EXERCISE INPUTS |
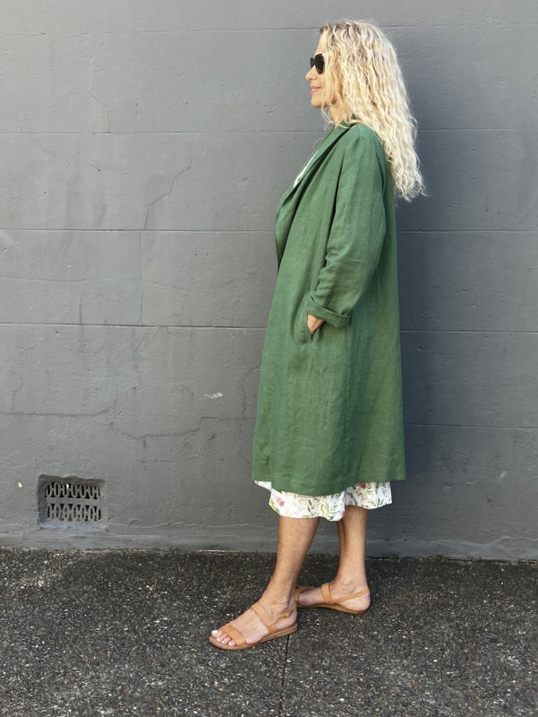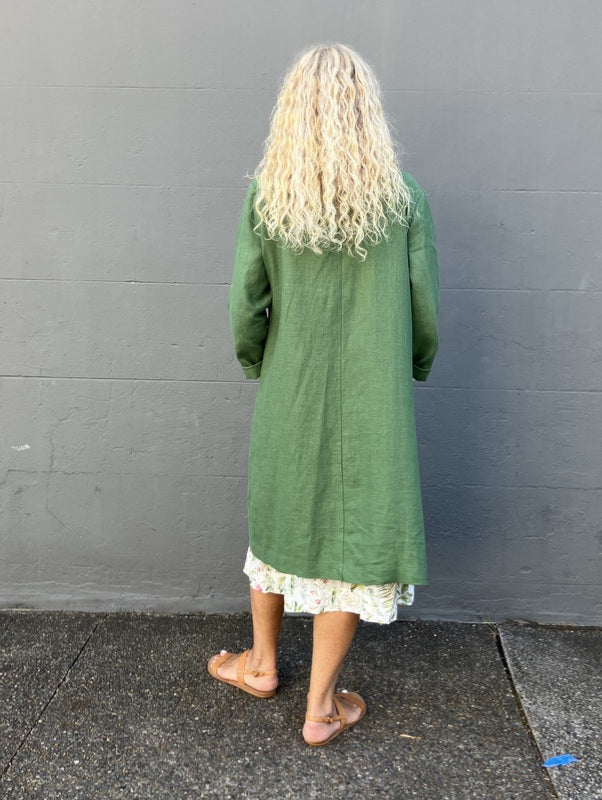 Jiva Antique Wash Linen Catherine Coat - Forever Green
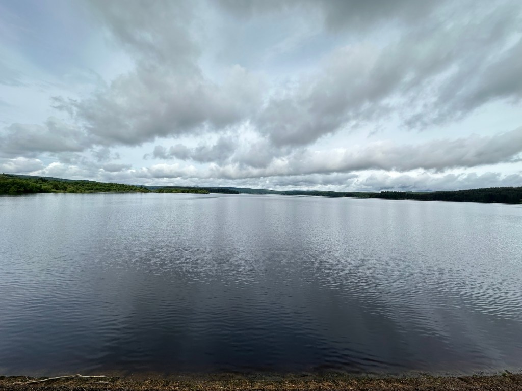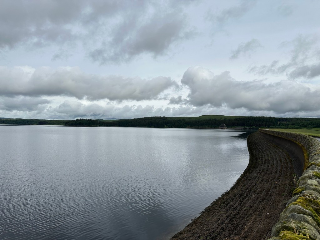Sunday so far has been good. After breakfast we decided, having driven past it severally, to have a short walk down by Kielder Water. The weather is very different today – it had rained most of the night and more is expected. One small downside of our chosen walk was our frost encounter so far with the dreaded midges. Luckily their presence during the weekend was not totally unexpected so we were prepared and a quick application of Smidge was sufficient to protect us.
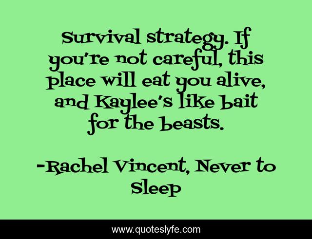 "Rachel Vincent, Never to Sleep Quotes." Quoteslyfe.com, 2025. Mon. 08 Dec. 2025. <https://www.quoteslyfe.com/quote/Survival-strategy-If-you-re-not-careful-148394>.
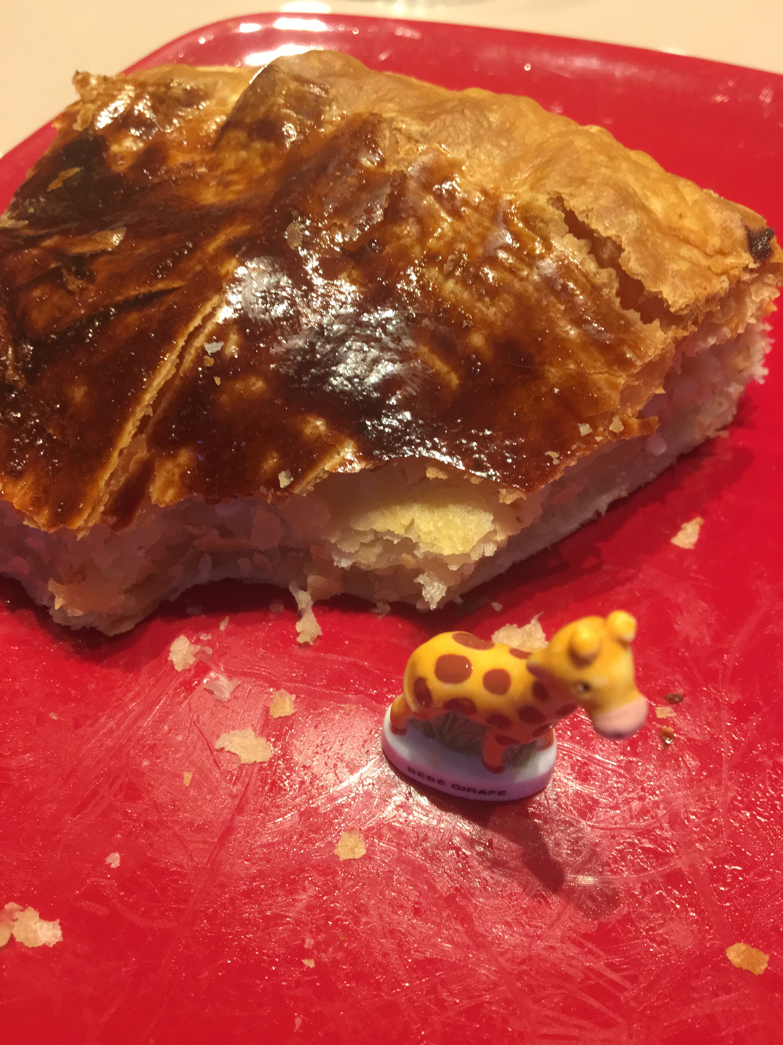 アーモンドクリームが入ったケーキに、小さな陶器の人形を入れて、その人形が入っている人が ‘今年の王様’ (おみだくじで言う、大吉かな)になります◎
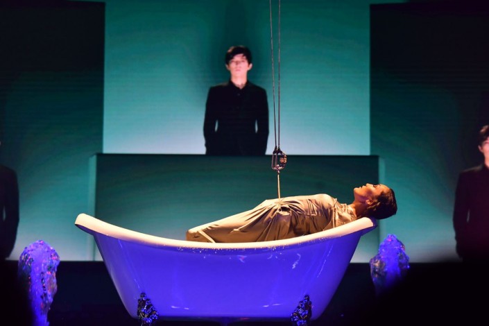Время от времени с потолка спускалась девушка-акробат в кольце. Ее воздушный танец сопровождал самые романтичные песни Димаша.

TASK TO COMPLETE | The response should consist of the entries above, given again exactly and free of pictures.

YOUR RESPONSE |
 Jiva Antique Wash Linen Catherine Coat - Forever Green
Sunday so far has been good. After breakfast we decided, having driven past it severally, to have a short walk down by Kielder Water. The weather is very different today – it had rained most of the night and more is expected. One small downside of our chosen walk was our frost encounter so far with the dreaded midges. Luckily their presence during the weekend was not totally unexpected so we were prepared and a quick application of Smidge was sufficient to protect us.
 "Rachel Vincent, Never to Sleep Quotes." Quoteslyfe.com, 2025. Mon. 08 Dec. 2025. <https://www.quoteslyfe.com/quote/Survival-strategy-If-you-re-not-careful-148394>.
 アーモンドクリームが入ったケーキに、小さな陶器の人形を入れて、その人形が入っている人が ‘今年の王様’ (おみだくじで言う、大吉かな)になります◎
Время от времени с потолка спускалась девушка-акробат в кольце. Ее воздушный танец сопровождал самые романтичные песни Димаша.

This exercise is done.